Saudi Arabia does not border Israel, but I don't know how to edit the table so I'm not going to fix it.

Fixed --Tagishsimon (talk) 19:39, 11 December 2007 (UTC)

Morocco / Western Sahara

There's an issue with the Morocco entry, I think. It borders Western Sahara, Algeria & Spain (if Spain still has a couple of towns on the African continent). If it "owns" Western Sahara, it cannot border it, but it would then border with Mauritania. We give it a score of 4.

Algeria is noted as bordering with Western Sahara. Mauritania is noted as bordering Morocco, based on Morocco's occupation of WS. Something else to sort out. --Tagishsimon (talk) 19:39, 11 December 2007 (UTC)

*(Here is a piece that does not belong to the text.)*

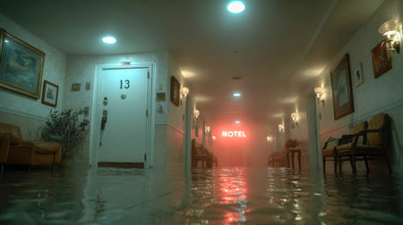 Dimly lit motel hallway with camera slowly zooming in on room 13's closed door.

Sorted. The list now accedes to Morocco's annexation of Western Sahara, but mentions each instance of the occupation in the lines for Algeria, Mauritania and Morocco. --Tagishsimon (talk) 03:56, 12 December 2007 (UTC)

Croatian neighbours

Croatia has 6 neighbours, instead of 5 as it is in the article. Montenegro is missing. MR.CRO95 (talk) 20:37, 19 June 2008 (UTC)

France

are St. pierre and miquelon, and new caledonia taken into acount, when totaling neigbours. —Preceding unsigned comment added by 70.53.37.241 (talk) 13:27, 21 June 2008 (UTC)

If we want to get cute we could say that France borders the U.S. at Normandy American Cemetery and Memorial. ☆ CieloEstrellado 08:29, 2 August 2008 (UTC)

Saint Pierre and Miquelon does not have a land border with any other country. Same for New Caledonia. --Mathew5000 (talk) 23:58, 8 August 2008 (UTC)


Guantanamo Bay

Cuba is currently listed as bordering one country (the USA) and the USA as bordering three countries. These should be changed to 0 and 2 respectively. The USA has military bases in various countries around the world, and the boundaries of the military base are not considered a "border". --Mathew5000 (talk) 00:04, 9 August 2008 (UTC)

I agree. Guantanamo Bay Naval Base is a leased Cuban territory, not a USA territory. Luis wiki (talk) 13:16, 9 August 2008 (UTC)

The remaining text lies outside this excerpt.